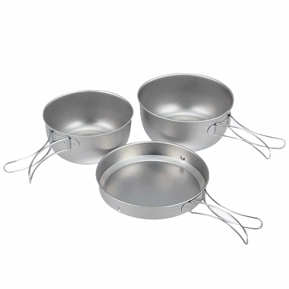 The Snow Peak 3 Piece Titanium Cookset is the perfect cookset for the minimalist gourmet backpacker. With two pots and a frying pan this set still only weighs just over 7 oz. Each piece has a fold out handle that makes storage easy. The smaller pot is big enough to carry a small canister of fuel inside. Overall this is a nice little cookset with the quality expected from Snow Peak.
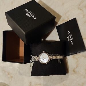 From COACH, the Cary watch will keep your valuable time while adding some dazzle to your style. Featuring a 26mm stainless steel case and bangle bracelet, this remarkable timepiece is resilient with water-resistance up to 30 meters. It is powered by a quartz movement, and the white mother of pearl dial exhibits coordinating silver-tone hands and Arabic numerals. The COACH signature and iconic horse and carriage motif detail the dial and bracelet, stamping the watch with the house's heritage touch.
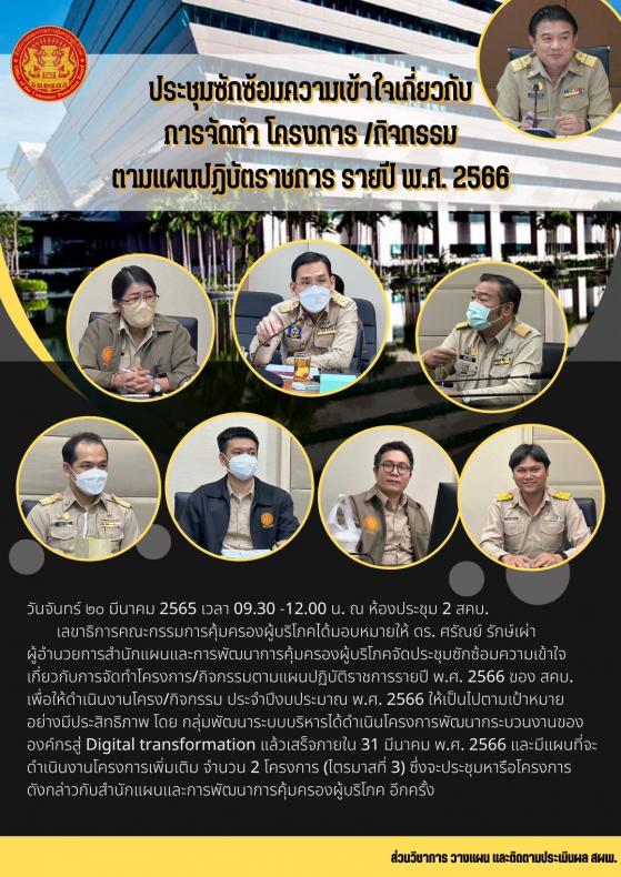 ประชุมซักซ้อมความเข้าใจเกี่ยวกับการจัดทำ โครงการ/กิจกรรม ตามแผนปฏิบัติราชการ รายปี พ.ศ. 2566 ครั้งที่ 1
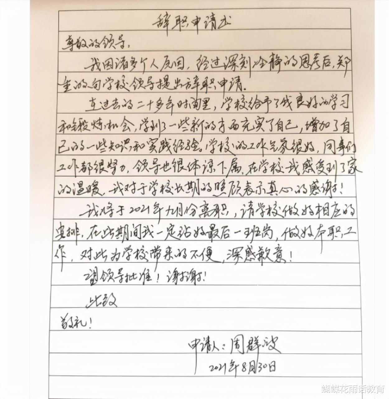 从字里行间里,我们应该能够读出,他对教育还是眷恋和不舍的。他表达了对学校的感谢,对学校领导和同事的认可。同时,也对学校对自己的照顾表示了感谢。按照正常的思考,这些难道不足以让他停下离开的脚步吗?而最让人不解的是,他为什么要选择在即将开学的这个当口呢?是不是有着什么言外之意呢?
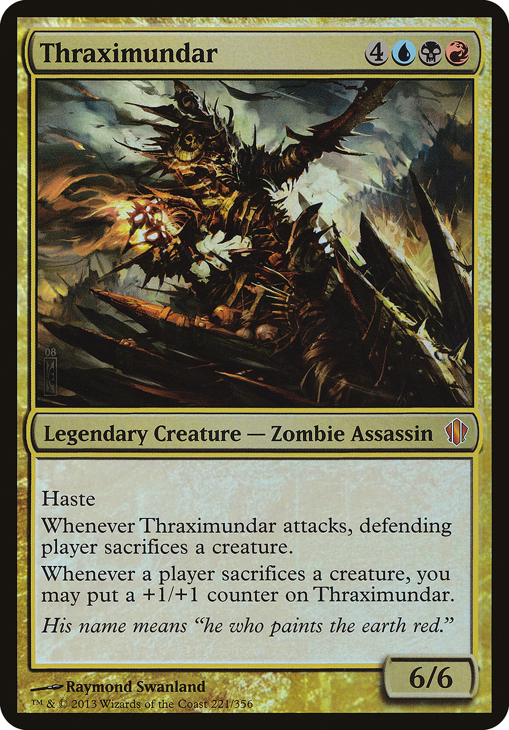 Whenever a player sacrifices a creature, you may put a +1/+1 counter on Thraximundar.
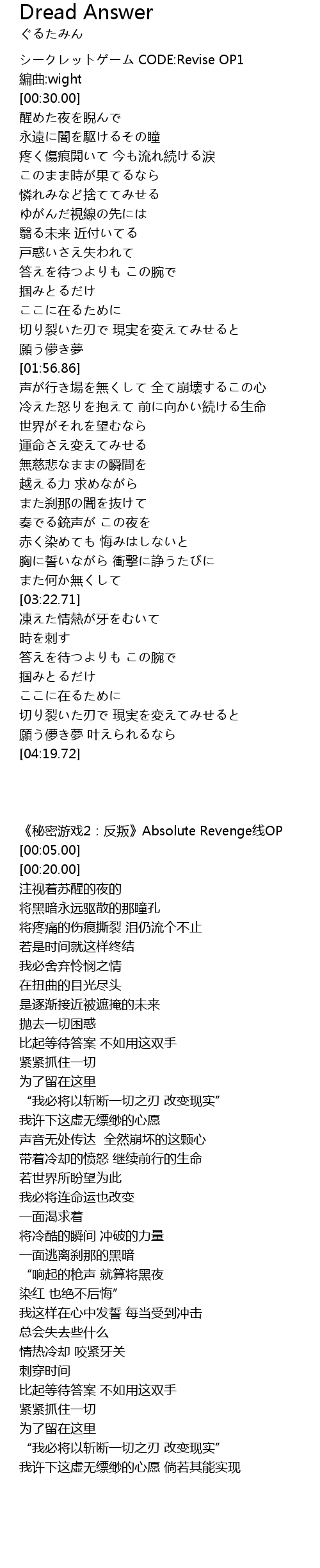 | [00:00.00] | 《秘密游戏2:反叛》Absolute Revenge线OP |

========

• [About this task] Transcribe the entries from their first line to the line that holds "2566 ครั้งที่ 1", both included, and skip every picture.

• [Task solution]
 The Snow Peak 3 Piece Titanium Cookset is the perfect cookset for the minimalist gourmet backpacker. With two pots and a frying pan this set still only weighs just over 7 oz. Each piece has a fold out handle that makes storage easy. The smaller pot is big enough to carry a small canister of fuel inside. Overall this is a nice little cookset with the quality expected from Snow Peak.
 From COACH, the Cary watch will keep your valuable time while adding some dazzle to your style. Featuring a 26mm stainless steel case and bangle bracelet, this remarkable timepiece is resilient with water-resistance up to 30 meters. It is powered by a quartz movement, and the white mother of pearl dial exhibits coordinating silver-tone hands and Arabic numerals. The COACH signature and iconic horse and carriage motif detail the dial and bracelet, stamping the watch with the house's heritage touch.
 ประชุมซักซ้อมความเข้าใจเกี่ยวกับการจัดทำ โครงการ/กิจกรรม ตามแผนปฏิบัติราชการ รายปี พ.ศ. 2566 ครั้งที่ 1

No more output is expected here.